Like obnoxious relatives, the mortgage mess won’t go away. Some two million adjustable-rate mortgages (ARMs) will reset over the next two years, and analysts say that within the coming year alone, $362 billion in subprime home mortgages will experience rising interest rates. This will lead to ever more payment defaults and foreclosures, a horrible state of affairs not only for the affected homeowners and lenders, but also for the financial markets in general.
As is their wont, officials from both parties are rushing to offer “solutions.” The Bush administration is urging lenders to maintain the low teaser rates on ARMs, while Hillary Clinton recently advocated a 90-day moratorium on home foreclosures. Although casting themselves as knights rescuing beleaguered citizens from greedy corporations, in truth these politicians will only make matters worse.
In his classic Economics in One Lesson, Henry Hazlitt said that the good economist looks not only at the obvious, immediate beneficiaries of a government policy, but also considers the long run, hidden costs. We should do the same with the latest mortgage proposals. Although particular homeowners may benefit in the short run, such government tinkering will ultimately harm average Americans by distorting the mortgage industry.
To understand the downside of the recent proposals, we need to step back and ask ourselves why ARMs and foreclosure clauses exist in the first place. They are obviously advantageous to the lender, so it’s no surprise that banks favor them. But why do the borrowers agree to these terms? Why doesn’t everybody simply take out a conventional fixed rate loan, and moreover one that is unsecured—so that the bank can’t seize one’s house in the event of default? Is every borrower just plain stupid for failing to insist on loans of this nature?
Of course not. The reason borrowers agree to adjustable rates (which have the possibility of skyrocketing) and to pledging their home or other assets as collateral, is that this allows them to receive concessions from the bank—in particular, it allows them to borrow a great deal more money than would otherwise be possible. Very few people would persuade a bank to lend them money to buy a house, if the bank didn’t ultimately have the right to take ownership of the house in the event that the borrower couldn’t make the mortgage payments. Yes, borrowers would prefer that they get a $300,000 mortgage with no strings attached, but lenders wouldn’t be too happy with this arrangement. The beauty of a capitalist system is that property owners must compromise to reach mutually beneficial arrangements, since private transactions are voluntary.
Now after individuals enter into these voluntary arrangements, what happens if the government swoops in and invalidates them? There will be short term winners and losers, naturally. And most Americans have no problem with this, because it seems fair to help struggling homeowners at the expense of Wall Street fat cats.

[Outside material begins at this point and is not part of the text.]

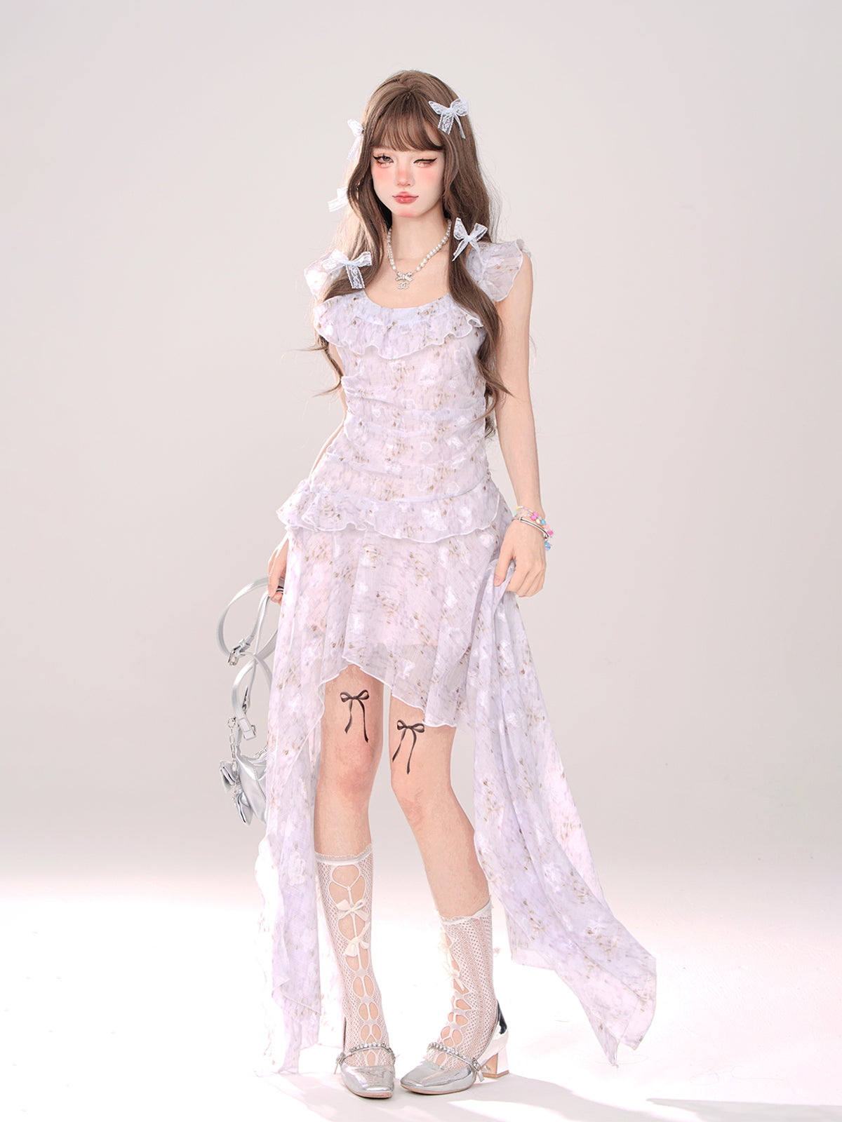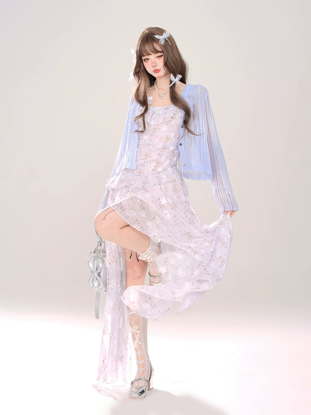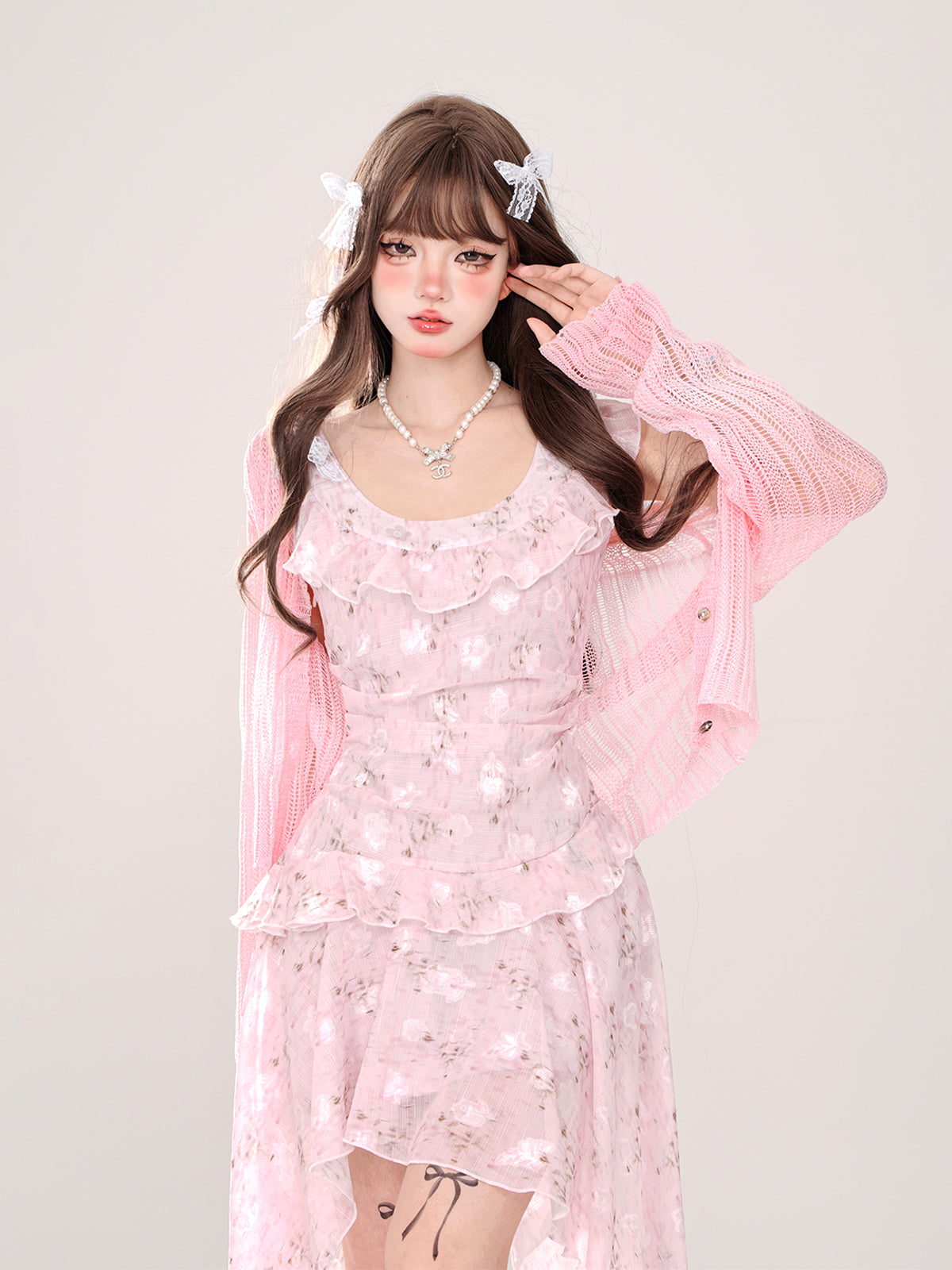 透け感のあるフローラルフリルのスイートドレスカーディガン + イレギュラーミルキーロング

Yet this conclusion is very superficial. Lenders will learn the lesson that their contracts aren’t safe; contrary to popular belief, the government will not serve to enforce the law. (Or rather, the “law” can change on a dime, depending on the public’s mood.) Lenders won’t simply shrug their shoulders, say “aww shucks,” and continue with business as usual.
No, lenders will rationally respond to the new environment, by being much pickier in giving new loans. After all, it becomes much riskier to grant a mortgage to a young couple with little job experience, if the government will shield them from the consequences of default on the loan. Many people say that “the American dream” involves homeownership, yet this will be harder to achieve if the government introduces yet another uncertainty for lenders.
I am aware that the real world process of home buying and financing has its share of shysters and shady practices; every human enterprise does. But the recent proposals aren’t merely about prosecuting outright fraud; no, the politicians want to grant a mulligan to hundreds of thousands who bought homes they couldn’t afford.
Such a move seems generous and noble, but in practice it will prevent true reform of the mortgage industry. Especially in light of the artificially low interest rates in the early 2000s that fueled the housing boom, politicians are the last people we should trust to restore integrity and soundness to the mortgage industry.